Emerging growth company ☐
If an emerging growth company, indicate by check mark if the registrant has elected not to use the extended transition period for complying with any new or revised financial accounting standards provided pursuant to Section 13(a) of the Exchange Act. ☐
Item 5.02 Departure of Directors or Certain Officers; Election of Directors; Appointment of Certain Officers; Compensatory Arrangements of Certain Officers.
On July 31, 2024, the Board of Directors (the “Board”) of MSCI Inc. (the “Company”) appointed Michelle Seitz to serve as an independent director on the Board, effective August 5, 2024. Ms. Seitz will serve as a member of the Audit and Risk Committee of the Board. Following the appointment of Ms. Seitz, the Board will be comprised of 12 directors.

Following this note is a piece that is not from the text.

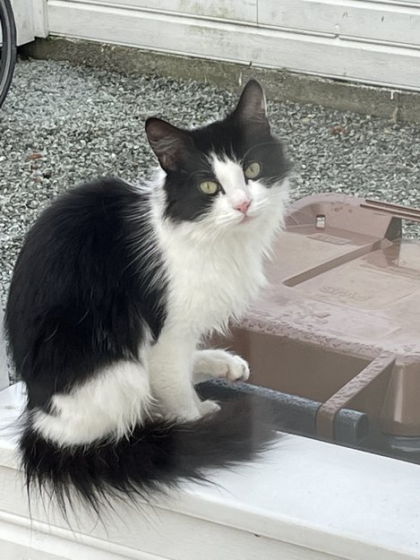 Sitter foran døren min og vil komme seg inn. Mjauer. Er sulten.

Ms. Seitz will serve on the Board until the next annual meeting of shareholders of the Company, or until the earlier of her death, resignation or removal. In connection with her appointment, the Board determined that Ms. Seitz is independent under the Company’s Corporate Governance Policies and within the meaning of the New York Stock Exchange (“NYSE”) and Securities and Exchange Commission (“SEC”) standards of independence for directors.
Under the non-employee director compensation program described in the Company’s annual proxy statement filed with the SEC on March 13, 2024, in connection with her service on the Board, Ms. Seitz is entitled to receive an annual retainer (payable in cash or stock at her election) of $90,000 and an annual equity award in the form of restricted stock units (“RSUs”) under the MSCI Inc. 2016 Non-Employee Directors Compensation Plan having an aggregate fair market value of $210,000, with the number of shares of common stock underlying such awards determined based on the closing price of the Company’s common stock as reported by the NYSE on the date prior to grant. Ms. Seitz is also entitled to an annual retainer (payable in cash or stock at her election) of $10,000 for her service on the Audit and Risk Committee of the Board. The annual retainers and initial award of RSUs will be prorated from the start of Ms. Seitz’s service on the Board. The initial RSU award is scheduled to vest on May 1, 2025.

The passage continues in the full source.